16 pages, 12220 KiB  
Article
The Functionalization of PES/SAPO-34 Mixed Matrix Membrane with [emim][Tf2N] Ionic Liquid to Improve CO2/N2 Separation Properties
by Jonathan S. Cardoso, Zhi Lin, Paulo Brito and Licínio M. Gando-Ferreira
Inorganics 2023, 11(11), 447; https://doi.org/10.3390/inorganics11110447 - 20 Nov 2023
Viewed by 1404
Abstract
The use of ionic liquid [emim][Tf2N] as an additive in polyethersulphone (PES) and nano-sized silico-aluminophosphate-34 (SAPO-34) mixed matrix membrane was studied through the incorporation of different amounts of [emim][Tf2N] in the membrane composition, as presented in this work, varying [...] Read more.

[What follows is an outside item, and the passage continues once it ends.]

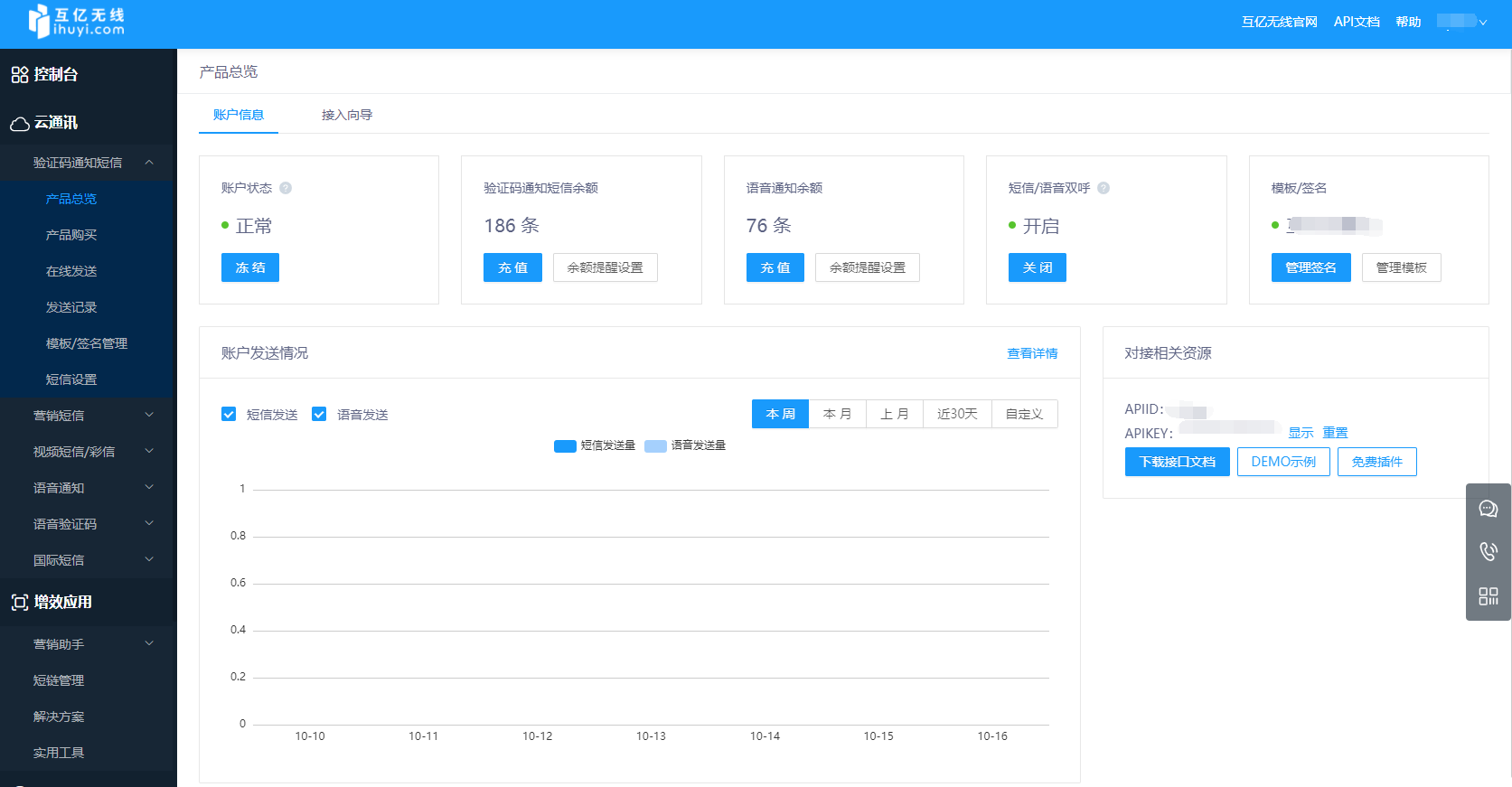 点击左侧菜单 “验证码通知短信 -》 产品总览” ,在右侧 “对接相关资源” 中获取短信发送使用的APIID和APIKEY。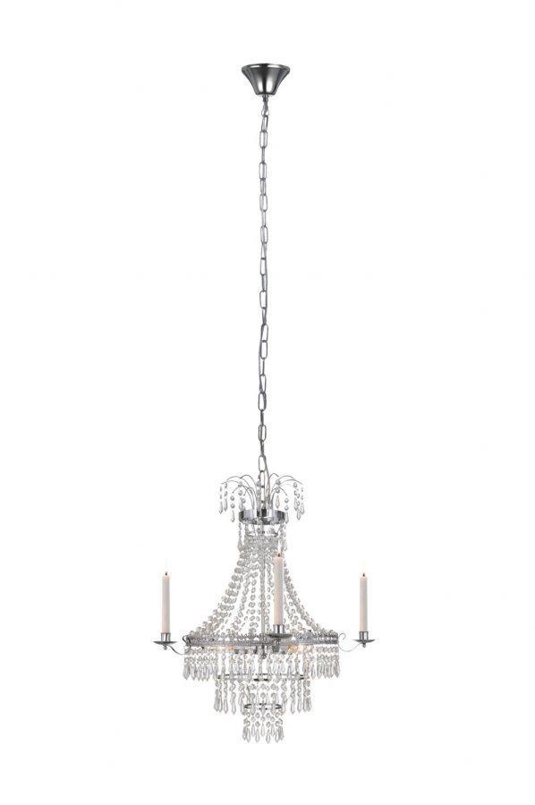 Markslöjd Marielund -kristallikruunu. Runko metallia. Konehiotut prismat. 1,2 m:n ketju ja kattokuppi koukkuripustusta varten. Maadoitettu liitäntä. Pieni lampunkanta E14. Enintään 40 W:n hehkulamppu tai vastaava halogeeni-, energiansäästö- tai LED-lamppu.

The use of ionic liquid [emim][Tf2N] as an additive in polyethersulphone (PES) and nano-sized silico-aluminophosphate-34 (SAPO-34) mixed matrix membrane was studied through the incorporation of different amounts of [emim][Tf2N] in the membrane composition, as presented in this work, varying from 10 to 40 wt%. Through gas permeation tests using CO2 and N2, the membrane composition containing 20 wt% [emim][Tf2N] led to the highest increase in CO2 permeability and CO2/N2 selectivity. The use of low concentrations of additive (10–20 wt%) promoted a state called antiplasticization; in this state, the permeability was even more regulated by the kinetic diameter of the species which, in this work, permitted achieving a higher CO2/N2 selectivity while increasing the CO2 permeability until an optimal condition. [emim][Tf2N] also promoted a better dispersion of SAPO-34 particles and an increase in the flexibility of the polymeric matrix when compared to a film with the same composition without [emim][Tf2N]. Moreover, the characterizations corroborated that the inclusion of [emim][Tf2N] increased the zeolite dispersion and improved the polymer/zeolite compatibility and membrane flexibility, characterized by a decrease in glass transition temperature, which helped in the fabrication process while presenting a similar thermal resistance and hydrophilicity as neat PES membrane, without affecting the membrane structure, as indicated by FTIR and a contact angle analysis. Full article
(This article belongs to the Special Issue Inorganic Composites for Gas Separation)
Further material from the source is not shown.